Okay, so it’s not a very sexy topic (and it seems like they go out of their way to remind you of that) but the Internet Assigned Numbers Authority (IANA) — which manages the global coordination of internet protocols — has added hundreds of new generic top-level domains (gTLDs) to the existing pool, with promises for many more.

What’s a top-level domain? In short, it’s the .com, .edu, .io, or .ly at the end of an internet address. The URL is often the first impression we get of any internet resource—sometimes I’ll hover over a link just to see what it says, and in that case it’s my only impression. While a URL is only a pointer, it does provide a window into what might be behind it, and I know I trust .com or .org over .biz.

Now the IANA has made it much easier to add new TLDs, and soon you might see more and more suffixes like .nyc, .audio, or even the surprisingly popular .realtor. (My personal favorite: .horse). Some of these are open, but others will come with their own regulations on usage or access (for instance, .nyc only allows proven New York City residents or institutions to register, while .xxx and .adult are reserved for obvious reasons).

URLs are far less concrete and fixed than physical addresses, but they do still represent local ties. URL suffixes that you might have seen like .ly, .tv, and .io actually belong to Lybia, Tuvalu, and the British Indian Ocean Territory, respectively, and are usually leased out to companies in the US or Europe for a fee (using one of these URLs is rather annoyingly called a “domain hack”). Such exchanges reflect the dynamics of communication and transaction on the web, where borders are more permeable than in the physical world; it’s also a reminder of the economic realities behind the curtain, with these often small and extremely poor countries selling virtual land to tech startups.

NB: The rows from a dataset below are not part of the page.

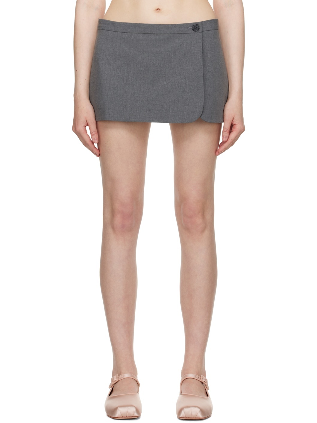 Lightweight stretch polyester- and rayon-blend twill skort. · Wrap construction · Low-rise · Button fastening at waistband · Single-pocket styling · Concealed zip fly · Darts at back · Logo-woven viscose twill lining Supplier color: Grey Body: 57% polyester, 29% rayon, 10% wool, 4% spandex. Lining: 100% viscose. Made in United States 251677F088004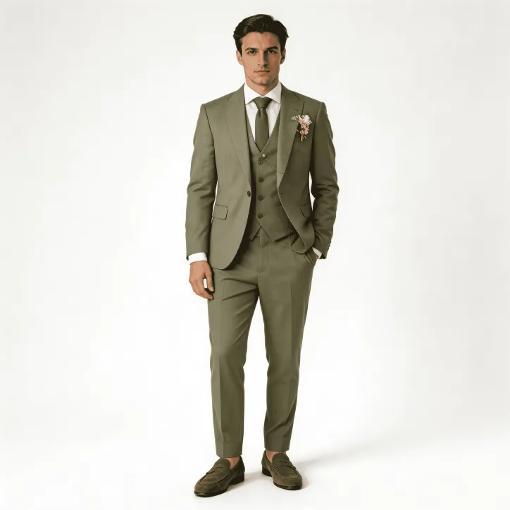 Volete davvero evitare di passare inosservati? Abito sartoriale monopetto con con rever a lancia a un bottone completato da un gilet monopetto. Perfetto per un gentiluomo moderno seguendo uno stile aggiornato e attuale. Tagliato su un tessuto morbido e senza tempo in una tonalità legnosa di color pino marittimo siciliano. Da accompagnare ad accessori - scarpe e cintura- camoscio color caffè. Noi personalmente non sappiamo dire di no al fascino intramontabile della cravatta sottile abbinata alla pochette ton sur ton. Ideale sia per un aperitivo al tramonto sia per un matrimonio non convenzionale.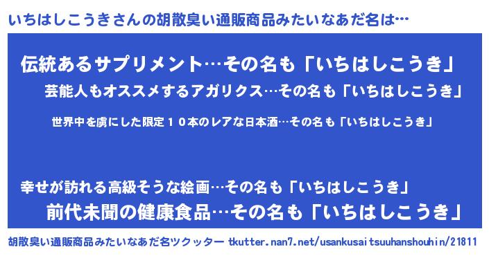 | 意味不明あだ名 | 『住所不定無職いちはしこうき(59歳)』 |

The new “generic” TLDs are distinct from these reserved “country code” TLDs, and won’t be affiliated specifically with physical borders. But many of the more popular new TLDs are location-based (.nyc, .berlin, .paris), or reserved for specific companies or practices (like .wme, specific to William Morris). So these domains reflect something about who’s going to use them. Just today, NPR’s Morning Edition considers whether some of these suffixes are akin to extortion; domains like .wtf, .fail, or .sucks are quickly snatched up by companies who are worried about what could turn up there, but free speech advocates see it as a positive force. So this new industry is already brewing controversy.

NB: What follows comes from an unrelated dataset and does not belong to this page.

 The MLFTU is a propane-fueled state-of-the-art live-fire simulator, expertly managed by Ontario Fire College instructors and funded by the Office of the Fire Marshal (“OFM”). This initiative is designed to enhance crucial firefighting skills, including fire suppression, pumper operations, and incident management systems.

I was curious about two main questions, which led me to two data sets:

  1. At this early stage, which of the new TLDs are gaining popularity?
  2. Who are the entrepreneurs and technologists starting these domains, and why? Who keeps up the registries, both new and old? I can understand the commercial promise of a domain like .news or .travel, but it still seems like an unknown quantity. Who is behind this next generation of domains?

The Project

A few months ago I stumbled across a registry of all the domain name registrars. I liked the idea of making a register of registrars, so I started with this, which led me to two interesting datasets. The idea of an old-fashioned mashup came to mind:

  1. the ICANN’s monthly registry reports, which had detailed data on the volume of domain registrations (which I took as a proxy for the number of sites) for generic TLDs, an
  2. the IANA’s root zone database, which had the addresses for both generic and country-level TLDs.
Gathering insights from d3plus turned out to be messy.

Gathering insights from d3plus was difficult.

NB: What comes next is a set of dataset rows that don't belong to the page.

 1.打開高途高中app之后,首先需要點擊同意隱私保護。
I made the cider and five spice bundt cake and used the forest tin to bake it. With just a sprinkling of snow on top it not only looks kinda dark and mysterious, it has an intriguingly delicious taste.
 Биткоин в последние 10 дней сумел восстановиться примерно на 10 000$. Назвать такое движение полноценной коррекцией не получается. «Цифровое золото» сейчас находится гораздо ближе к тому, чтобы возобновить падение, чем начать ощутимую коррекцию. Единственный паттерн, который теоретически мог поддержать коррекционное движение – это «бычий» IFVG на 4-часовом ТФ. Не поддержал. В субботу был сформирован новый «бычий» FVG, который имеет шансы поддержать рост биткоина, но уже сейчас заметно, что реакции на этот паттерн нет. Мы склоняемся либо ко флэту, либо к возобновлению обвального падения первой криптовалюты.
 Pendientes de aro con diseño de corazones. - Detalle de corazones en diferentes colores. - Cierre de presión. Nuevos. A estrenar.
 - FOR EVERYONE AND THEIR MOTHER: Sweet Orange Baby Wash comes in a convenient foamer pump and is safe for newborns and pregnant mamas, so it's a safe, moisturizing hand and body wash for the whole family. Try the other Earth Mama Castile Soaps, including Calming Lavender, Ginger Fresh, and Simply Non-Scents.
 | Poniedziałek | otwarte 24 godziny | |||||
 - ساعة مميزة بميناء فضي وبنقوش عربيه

First I had to scrape the data from both sites. The ICANN’s data was hidden behind CSVs, which I had to programmatically extract, but it did give me historical data. I got a total of 912 registries, with about 1000 institutions sponsoring and administering them; in December 2014, the generic TLDs alone housed 158 million domains (75% of these, however, were .com).

I started by trying some graphs with d3plus, but the differences in scale made it very hard to graph; the 119 million domains on .com (over half of the web), or even the 15 million .net domains, simply can’t be graphed next to many of these that still number in the hundreds or thousands. The sheer number also made it a little messy. But it started to give me an idea of which new domains are gaining popularity.

The IANA site contained full addresses for the sponsor, administrative contact, and technical contact of each domain, so course I thought of a map; and I wanted to see what was behind these addresses, so I added street view screenshots where available. Unfortunately the address data was not very clean, and the process of geocoding the data was a challenge— as a result, don’t take these maps as a complete picture of all registries.

Map of some of the country code TLD registrars. Click on the map to see the full interactive viz on CartoDB

Map of some of the country code TLD registrars. Click on the map to see the full interactive viz on CartoDB

Google Maps’ geocoding API was giving me trouble, both with quota limits and bizarre results (I admit my data wasn’t the cleanest, but at one point it claimed to not find 1600 Amphitheatre Parkway!). Also, naturally the geo data is biased towards better-mapped parts of the world. Given more time I would make sure the data was comprehensive, and I would clean and structure the address data so it could make best-guess assumptions. However, these views allow you to get a glimpse and explore certain pieces.

Weighted map of some generic TLD registrars. Click on the map to see the full interactive viz on CartoDB.

Weighted map of some generic TLD registrars. Click on the map to see the full interactive viz on CartoDB.

I ended up with two visualizations, screnshotted and linked above:

  1. A “heatmap” of some of the sponsors, administrators, and technicians, weighted by the combined traffic from each domain it owned.
  2. A map of all country-code TLD sponsors, administrators, and technicians for which geo data was available.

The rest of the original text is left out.